[Exercise inputs]
• • •
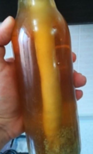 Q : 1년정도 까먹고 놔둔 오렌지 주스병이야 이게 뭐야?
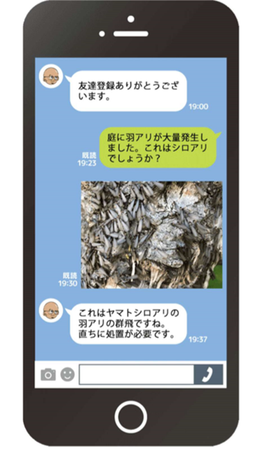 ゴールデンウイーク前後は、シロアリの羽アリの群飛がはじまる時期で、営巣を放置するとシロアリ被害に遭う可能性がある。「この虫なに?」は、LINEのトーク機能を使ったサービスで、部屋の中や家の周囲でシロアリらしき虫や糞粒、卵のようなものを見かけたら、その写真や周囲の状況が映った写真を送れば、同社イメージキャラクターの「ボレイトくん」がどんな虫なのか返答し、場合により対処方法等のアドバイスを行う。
• • •
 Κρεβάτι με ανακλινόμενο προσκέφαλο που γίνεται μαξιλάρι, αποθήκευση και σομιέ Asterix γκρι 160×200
• • •
[Task statement]
What belongs in the answer is each line above from the line with "Q : 1년정도 까먹고 놔둔 오렌지 주스병이야 이게 뭐야?" to the line with "ゴールデンウイーク前後は、シ", inclusive, reproduced exactly and free of pictures.

[Written response]
 Q : 1년정도 까먹고 놔둔 오렌지 주스병이야 이게 뭐야?
 ゴールデンウイーク前後は、シロアリの羽アリの群飛がはじまる時期で、営巣を放置するとシロアリ被害に遭う可能性がある。「この虫なに?」は、LINEのトーク機能を使ったサービスで、部屋の中や家の周囲でシロアリらしき虫や糞粒、卵のようなものを見かけたら、その写真や周囲の状況が映った写真を送れば、同社イメージキャラクターの「ボレイトくん」がどんな虫なのか返答し、場合により対処方法等のアドバイスを行う。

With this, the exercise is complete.